This is the low level performance side of the "down with smart devices"
argument. The more important one, as you well know, but let's restate
it, is that smart devices have theyir own "smart" policies that not
necessairly (euphemism) are anywhere near being flexible and efficient
enough. In other words, system performance should be treated as a whole,
it cannot be achieved by building assumptions into each component of the
system.
The extreme example are those caching controllers that have the
structure of a DOS volume built into their optimization patterns...

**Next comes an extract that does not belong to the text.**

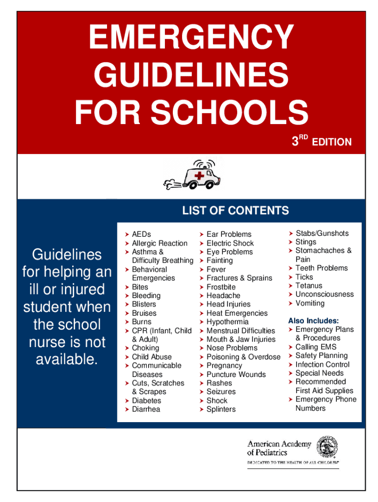 EMERGENCY GUIDELINES FOR SCHOOLS 3RD EDITIONS OF CONTENTSGuidelines for helping an ill or injured student when the school nurse is not available.h AED's h Allergic Reaction h Asthma oh h Difficulty
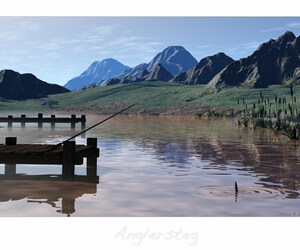 So, das hat nun etwas länger gedauert, aber nun habe ich es doch noch geschafft und den Felsen unten ein wenig Bewuchs spendiert. Erst hatte ich es mit Grasbüscheln versucht, aber das sah wirklich bescheiden aus. Dann hatte ich mit den Tücken von Bryce 6.0 (die Betonung liegt auf der Null) zu kämpfen und schließlich hab' ich so eine Art Moos versucht.

davidsen> What I can't see is how anyone can feel that the main CPU
davidsen> should be wasted in error logging and retries, bad sector
davidsen> mapping, and handling multiple interrupts.
Ahhhh, but then who should handle them? The CPU on the controller, of
course. The real *performance* question then is not about smart
controller vs. dumb controller.
Any architecture with asynchronous IO is a de facto multiprocessor; the
question is whether some of the CPUs in a multiprocessors should be
*specialized* or not, and which is the optimal power to assign to each
CPU if they are specialized.
You speak of "main" CPU, thus *assuming* that you have one main CPU and
some "smart" slave processors. The alternative is really multiple main
CPUs, whose function floats.
As to the specific examples you make, diagnostics (error logging and
retries, bad sector mapping) should all be done by software in the
"main" CPU OS anyhow, as of all things surely assumptions on error
recovery strategies should not be embedded in the drive, because
different OSes may well have very different fault models and fault
recovery policies.
Handling command chaining (multiple interrupts) can indeed be performed
fairly efficiently by the main CPU in well designed OS kernels that
offer lightweight interrupt handling and threading.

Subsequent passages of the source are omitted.